## ACTIVITY
Exact copy, pictures excluded: please retype every record below.

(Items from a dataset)
════════════════
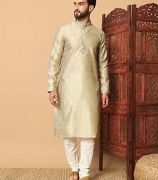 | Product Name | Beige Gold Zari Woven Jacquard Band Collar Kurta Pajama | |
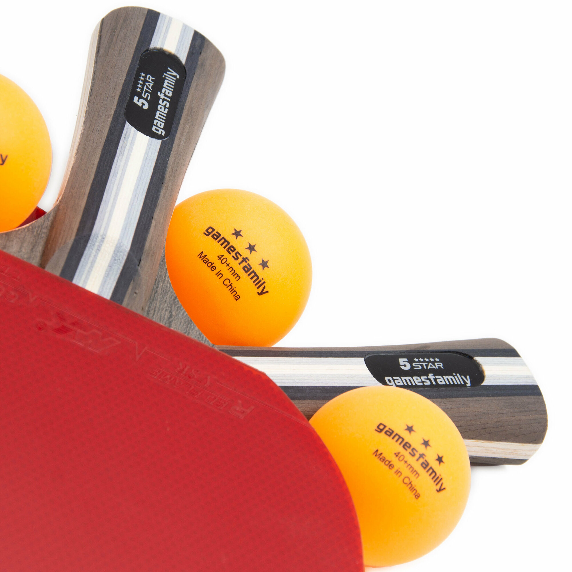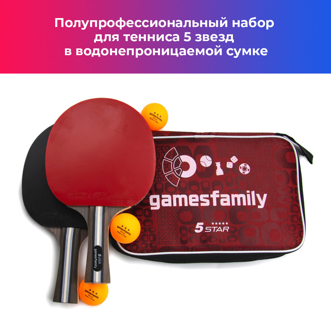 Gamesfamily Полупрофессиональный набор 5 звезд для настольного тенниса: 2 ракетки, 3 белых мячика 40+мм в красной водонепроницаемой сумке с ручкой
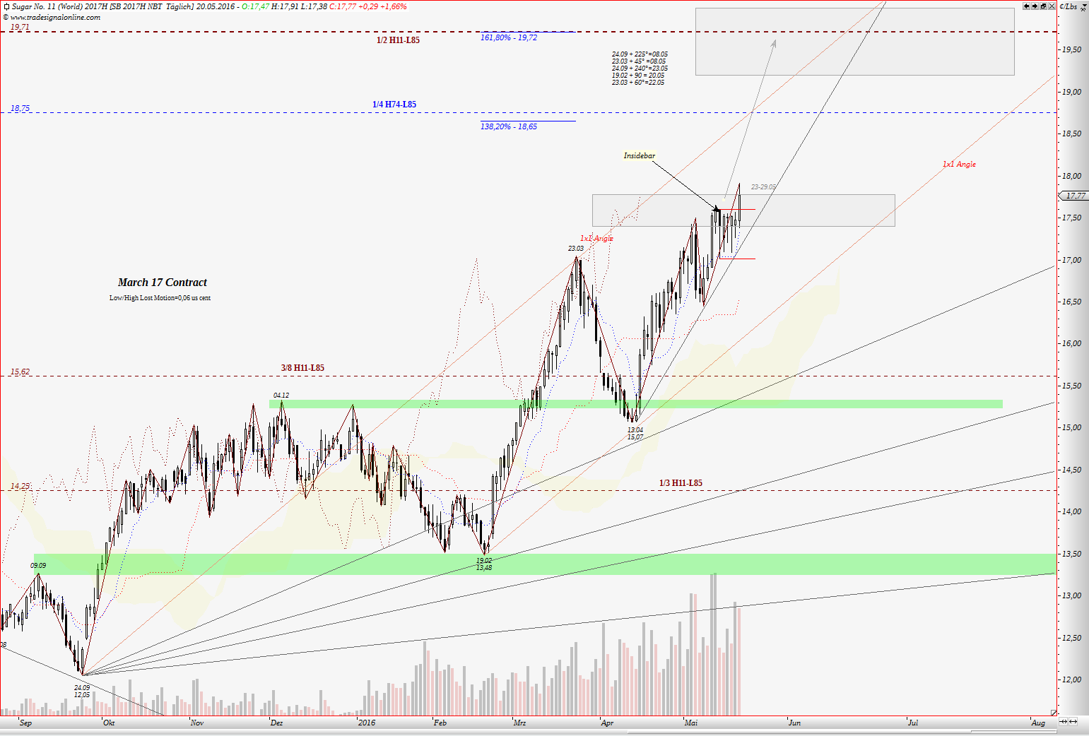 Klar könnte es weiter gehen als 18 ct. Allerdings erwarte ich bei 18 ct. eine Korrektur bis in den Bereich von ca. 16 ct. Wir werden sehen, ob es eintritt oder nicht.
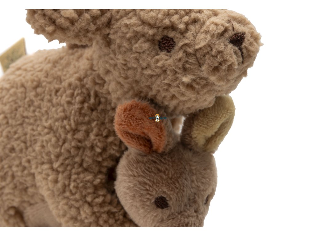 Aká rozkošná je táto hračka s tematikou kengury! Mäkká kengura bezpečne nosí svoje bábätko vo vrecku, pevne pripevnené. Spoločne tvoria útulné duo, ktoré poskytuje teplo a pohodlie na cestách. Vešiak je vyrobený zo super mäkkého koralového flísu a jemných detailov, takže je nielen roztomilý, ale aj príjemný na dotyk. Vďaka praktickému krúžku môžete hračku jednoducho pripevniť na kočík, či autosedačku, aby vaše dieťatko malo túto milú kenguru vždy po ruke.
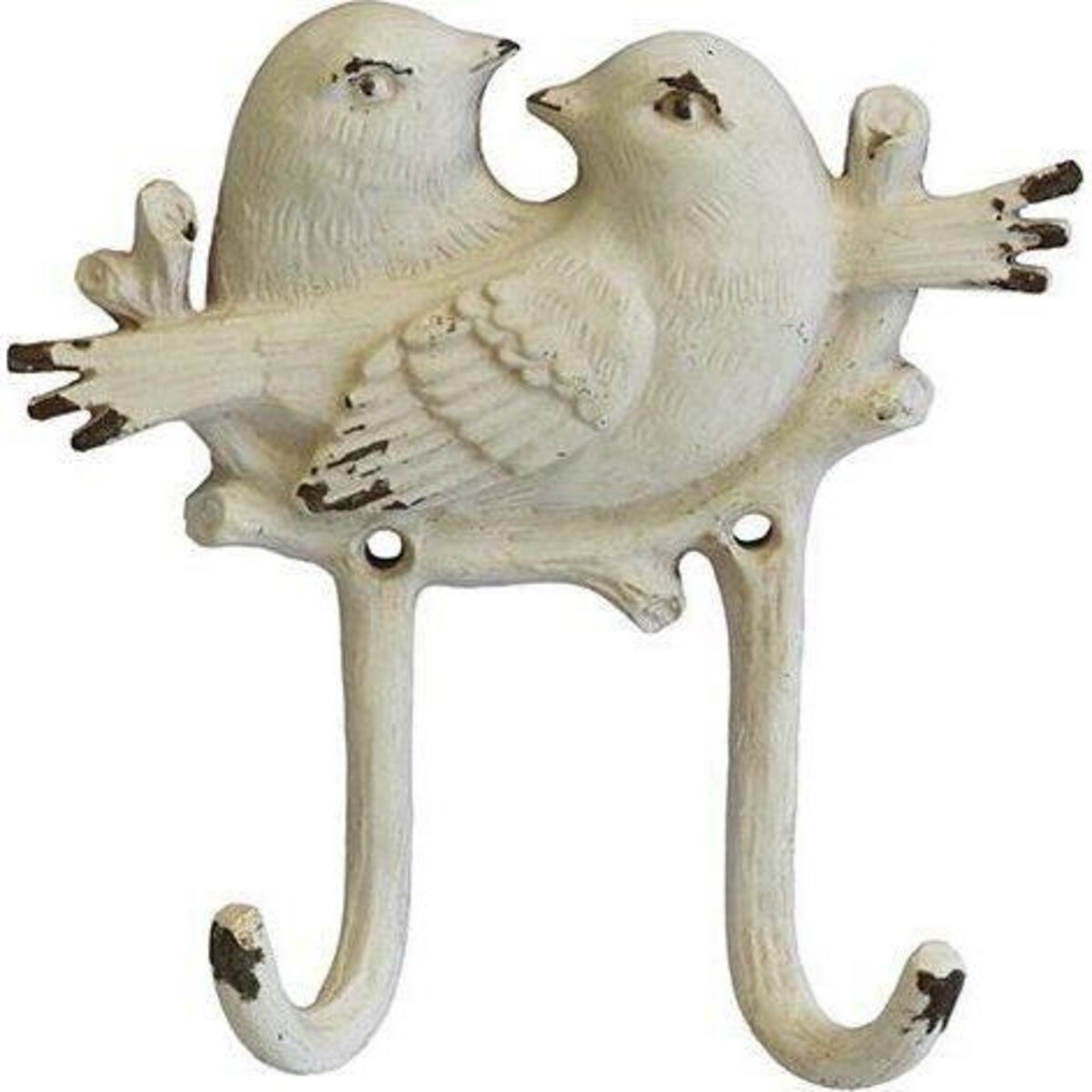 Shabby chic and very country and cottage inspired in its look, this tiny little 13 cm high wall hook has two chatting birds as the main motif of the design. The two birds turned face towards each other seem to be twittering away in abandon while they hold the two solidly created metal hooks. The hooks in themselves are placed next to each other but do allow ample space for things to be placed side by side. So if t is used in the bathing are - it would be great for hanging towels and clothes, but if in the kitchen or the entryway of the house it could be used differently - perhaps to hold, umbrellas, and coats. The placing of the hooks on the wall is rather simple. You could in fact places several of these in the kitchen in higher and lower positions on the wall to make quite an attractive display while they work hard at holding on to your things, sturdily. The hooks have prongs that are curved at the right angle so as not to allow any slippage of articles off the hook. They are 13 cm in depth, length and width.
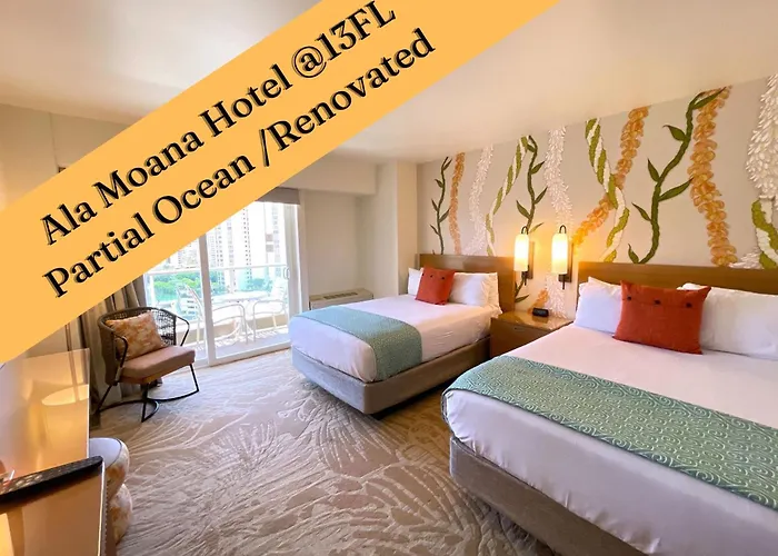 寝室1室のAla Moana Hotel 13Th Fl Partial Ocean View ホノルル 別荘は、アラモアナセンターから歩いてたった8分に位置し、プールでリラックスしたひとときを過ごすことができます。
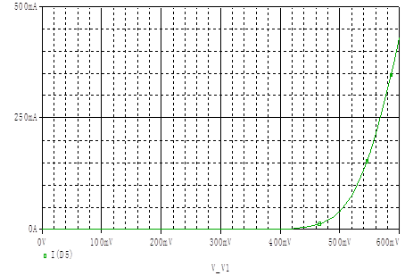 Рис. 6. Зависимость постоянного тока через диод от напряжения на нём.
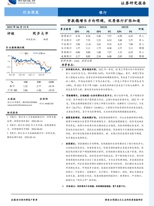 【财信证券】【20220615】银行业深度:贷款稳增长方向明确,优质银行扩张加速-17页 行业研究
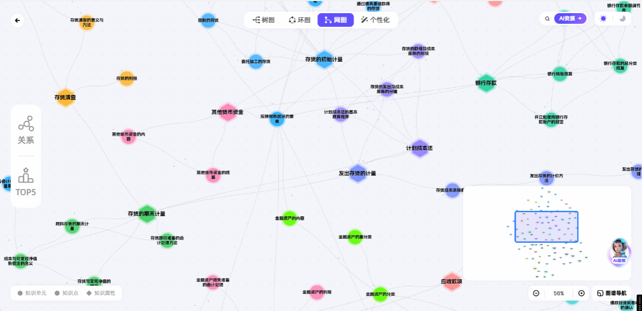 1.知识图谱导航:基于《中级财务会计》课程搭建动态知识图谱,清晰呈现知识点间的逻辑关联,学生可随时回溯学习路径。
════════════════
## PROBLEM SOLUTION
 | Product Name | Beige Gold Zari Woven Jacquard Band Collar Kurta Pajama | |
 Gamesfamily Полупрофессиональный набор 5 звезд для настольного тенниса: 2 ракетки, 3 белых мячика 40+мм в красной водонепроницаемой сумке с ручкой
 Klar könnte es weiter gehen als 18 ct. Allerdings erwarte ich bei 18 ct. eine Korrektur bis in den Bereich von ca. 16 ct. Wir werden sehen, ob es eintritt oder nicht.
 Aká rozkošná je táto hračka s tematikou kengury! Mäkká kengura bezpečne nosí svoje bábätko vo vrecku, pevne pripevnené. Spoločne tvoria útulné duo, ktoré poskytuje teplo a pohodlie na cestách. Vešiak je vyrobený zo super mäkkého koralového flísu a jemných detailov, takže je nielen roztomilý, ale aj príjemný na dotyk. Vďaka praktickému krúžku môžete hračku jednoducho pripevniť na kočík, či autosedačku, aby vaše dieťatko malo túto milú kenguru vždy po ruke.
 Shabby chic and very country and cottage inspired in its look, this tiny little 13 cm high wall hook has two chatting birds as the main motif of the design. The two birds turned face towards each other seem to be twittering away in abandon while they hold the two solidly created metal hooks. The hooks in themselves are placed next to each other but do allow ample space for things to be placed side by side. So if t is used in the bathing are - it would be great for hanging towels and clothes, but if in the kitchen or the entryway of the house it could be used differently - perhaps to hold, umbrellas, and coats. The placing of the hooks on the wall is rather simple. You could in fact places several of these in the kitchen in higher and lower positions on the wall to make quite an attractive display while they work hard at holding on to your things, sturdily. The hooks have prongs that are curved at the right angle so as not to allow any slippage of articles off the hook. They are 13 cm in depth, length and width.
 寝室1室のAla Moana Hotel 13Th Fl Partial Ocean View ホノルル 別荘は、アラモアナセンターから歩いてたった8分に位置し、プールでリラックスしたひとときを過ごすことができます。
 Рис. 6. Зависимость постоянного тока через диод от напряжения на нём.
 【财信证券】【20220615】银行业深度:贷款稳增长方向明确,优质银行扩张加速-17页 行业研究
 1.知识图谱导航:基于《中级财务会计》课程搭建动态知识图谱,清晰呈现知识点间的逻辑关联,学生可随时回溯学习路径。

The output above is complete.